Another reason for doubting that AI will have immediate widespread impacts is because previous general purpose technologies failed to have such impacts too. Economist Robert Solow famously quipped in 1989 that "You can see the computer age everywhere but in the productivity statistics." His observation was later coined the Productivity Paradox.
By the late 1990s, labor productivity in the United States had finally accelerated, culminating in an economic boom. Economists have provided a few explanations for this lag. For instance, Wikipedia points out that we may have simply mismeasured growth by overestimating inflation. Philippe Aghion and Peter Howitt, however, outline an alternative and common-sense explanation in in chapter 9 of The Economics of Growth,
As David (1990) and Lipsey and Bekar (1995) have argued, GPTs [general purpose technologies] like the steam engine, the electric dynamo, the laser, and the computer require costly restructuring and adjustment to take place, and there is no reason to expect this process to proceed smoothly over time. Thus, contrary to the predictions of real-business-cycle theory, the initial effect of a “positive technology shock” may not be to raise output, productivity, and employment but to reduce them [...]

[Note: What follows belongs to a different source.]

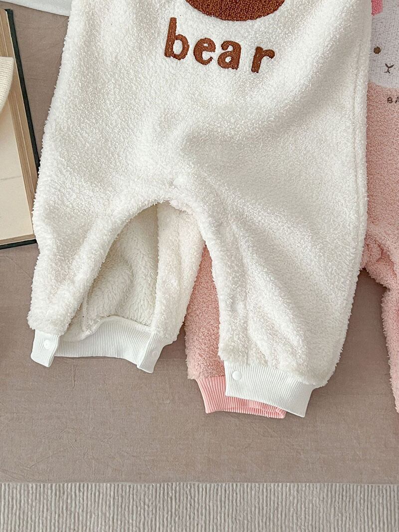 秋冬 ユニセックス 連体服 0-3歳 熊兎 ボア裏起毛 防寒 厚手 ロンパース カバーオール 66-100

An alternative explanation for slowdowns has been developed by Helpman and Trajtenberg (1998a) using the Schumpeterian apparatus where R&D resources can alternatively be used in production. The basic idea of this model is that GPTs do not come ready to use off the shelf. Instead, each GPT requires an entirely new set of intermediate goods before it can be implemented. The discovery and development of these intermediate goods is a costly activity, and the economy must wait until some critical mass of intermediate components has been accumulated before it is profitable for firms to switch from the previous GPT. During the period between the discovery of a new GPT and its ultimate implementation, national income will fall as resources are taken out of production and put into R&D activities aimed at the discovery of new intermediate input components.

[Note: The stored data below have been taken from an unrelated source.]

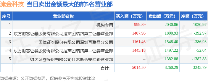 从龙虎榜公布的当日买卖数据来看,机构合计净卖出1030.97万元。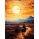 Amidst the tranquil solitude of the desert at sunset, a lone figure on horseback emerges as a silhouette against the fading light. This captivating art captures the essence of a serene ride through the vast, untouched wilderness. The bond between rider and horse, the stillness of the desert, and the warmth of the setting sun converge in this art piece, offering a moment of quiet reflection and the beauty of a journey into the horizon.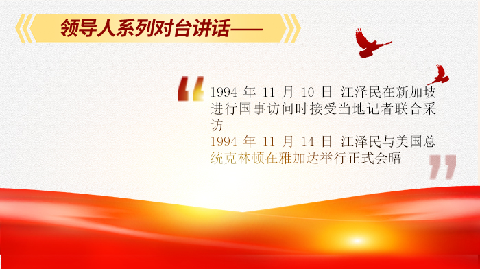 【百年征程 回看臺(tái)?!款I(lǐng)導(dǎo)人系列對(duì)臺(tái)講話(huà)之江澤民(八)

In line with these expecations, Daniel Kokotajlo pointed to this paper which complements this analysis by applying it to the current machine learning era.
Overestimating the generality of AI technology
Many very smart AI scientists in the 1950s and 1960s had once believed that human-level AI was imminent. As many later pointed out, these failed predictions by themselves provide evidence that AI will take longer to develop than we think. Yet, that's not the only reason why I'm bringing them up.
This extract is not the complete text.